Suzuki M, Zhou S Y, Hagino H, Niu L, Takahashi T, Kawasaki Y, Matsui M, Seto H, Ono T, Kurachi M
Department of Neuropsychiatry, Toyama Medical and Pharmaceutical University, Toyama, Japan.
Psychol Med. 2005 Apr;35(4):549-60. doi: 10.1017/s0033291704003885.
Schneider's first-rank symptoms involve an alienated feature of the sense of one's own mental or physical activity. To clarify the brain morphological basis for the production of these symptoms, volumes of the frontal and medial temporal regions and their clinical correlates were examined in patients with schizophrenia.
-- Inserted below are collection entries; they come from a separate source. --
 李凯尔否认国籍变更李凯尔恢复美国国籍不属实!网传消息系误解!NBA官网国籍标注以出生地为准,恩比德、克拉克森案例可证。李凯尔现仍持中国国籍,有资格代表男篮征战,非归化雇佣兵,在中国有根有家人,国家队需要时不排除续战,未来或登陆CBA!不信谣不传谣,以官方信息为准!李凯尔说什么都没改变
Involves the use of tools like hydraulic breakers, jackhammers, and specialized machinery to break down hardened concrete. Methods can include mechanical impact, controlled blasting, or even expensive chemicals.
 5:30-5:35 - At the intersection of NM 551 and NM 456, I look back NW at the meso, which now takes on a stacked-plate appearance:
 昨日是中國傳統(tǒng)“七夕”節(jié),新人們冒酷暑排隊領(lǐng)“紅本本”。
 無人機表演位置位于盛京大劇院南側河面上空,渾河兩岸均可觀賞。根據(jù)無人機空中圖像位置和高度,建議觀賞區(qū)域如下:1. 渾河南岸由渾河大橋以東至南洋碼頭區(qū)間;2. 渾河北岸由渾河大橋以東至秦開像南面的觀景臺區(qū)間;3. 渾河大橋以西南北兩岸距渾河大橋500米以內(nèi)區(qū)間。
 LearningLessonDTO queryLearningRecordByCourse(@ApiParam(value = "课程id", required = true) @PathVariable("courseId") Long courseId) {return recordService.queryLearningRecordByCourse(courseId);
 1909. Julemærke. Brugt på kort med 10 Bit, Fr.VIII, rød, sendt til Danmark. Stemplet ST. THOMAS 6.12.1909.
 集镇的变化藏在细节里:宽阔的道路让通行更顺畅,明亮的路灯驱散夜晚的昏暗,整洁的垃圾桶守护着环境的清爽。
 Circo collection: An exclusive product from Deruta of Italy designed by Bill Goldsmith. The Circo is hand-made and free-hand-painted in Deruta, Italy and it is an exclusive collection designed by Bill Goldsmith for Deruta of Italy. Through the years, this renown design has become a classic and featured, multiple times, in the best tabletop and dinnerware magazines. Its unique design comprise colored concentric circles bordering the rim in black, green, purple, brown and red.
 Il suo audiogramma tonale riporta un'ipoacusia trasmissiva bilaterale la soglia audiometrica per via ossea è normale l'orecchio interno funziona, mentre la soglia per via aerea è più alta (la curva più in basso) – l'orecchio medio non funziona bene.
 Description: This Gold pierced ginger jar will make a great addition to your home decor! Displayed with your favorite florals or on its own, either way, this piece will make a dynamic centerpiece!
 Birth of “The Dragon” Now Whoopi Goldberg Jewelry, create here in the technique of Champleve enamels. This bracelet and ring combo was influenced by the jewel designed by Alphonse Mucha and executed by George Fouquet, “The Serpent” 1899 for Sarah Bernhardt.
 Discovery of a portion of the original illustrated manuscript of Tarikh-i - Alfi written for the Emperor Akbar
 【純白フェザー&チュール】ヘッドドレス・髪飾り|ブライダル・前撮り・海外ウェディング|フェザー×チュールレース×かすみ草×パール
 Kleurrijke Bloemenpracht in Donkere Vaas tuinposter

Twenty-two patients with schizophrenia and 44 age- and gender-matched healthy control subjects were included. All patients were in their psychotic episodes with definite Schneiderian symptoms, rated by using the Scale for Assessment of Positive Symptoms. Volumetric measurements of high-resolution magnetic resonance imaging were performed in the prefrontal area, cingulate gyrus, and precentral gyrus, and the medial temporal structures such as the amygdala, hippocampus, and parahippocampal gyrus.
Patients had significantly decreased volumes in the cingulate gray matter and the amygdala compared to controls. In the patient group, Schneiderian symptom severity showed significant inverse correlations with volumes of the right posterior cingulate gray matter and of the left anterior parahippocampal gyrus.
Schneiderian symptoms may be associated with morphological abnormalities in the limbic-paralimbic regions such as the cingulate gyrus and parahippocampal gyrus, which possibly serve the self-monitoring function and the coherent storage and reactivation of information.
施奈德首级症状涉及个体自身心理或身体活动感觉的疏离特征。为阐明这些症状产生的脑形态学基础,对精神分裂症患者的额叶和颞叶内侧区域体积及其临床相关性进行了研究。
纳入22例精神分裂症患者和44例年龄及性别匹配的健康对照者。所有患者均处于伴有明确施奈德症状的精神病发作期,使用阳性症状评定量表进行评定。对前额叶区域、扣带回和中央前回以及杏仁核、海马和海马旁回等颞叶内侧结构进行高分辨率磁共振成像体积测量。
与对照组相比,患者的扣带回灰质和杏仁核体积显著减小。在患者组中,施奈德症状严重程度与右侧后扣带回灰质和左侧前海马旁回体积呈显著负相关。
施奈德症状可能与扣带回和海马旁回等边缘-旁边缘区域的形态学异常有关,这些区域可能具有自我监测功能以及信息的连贯存储和再激活功能。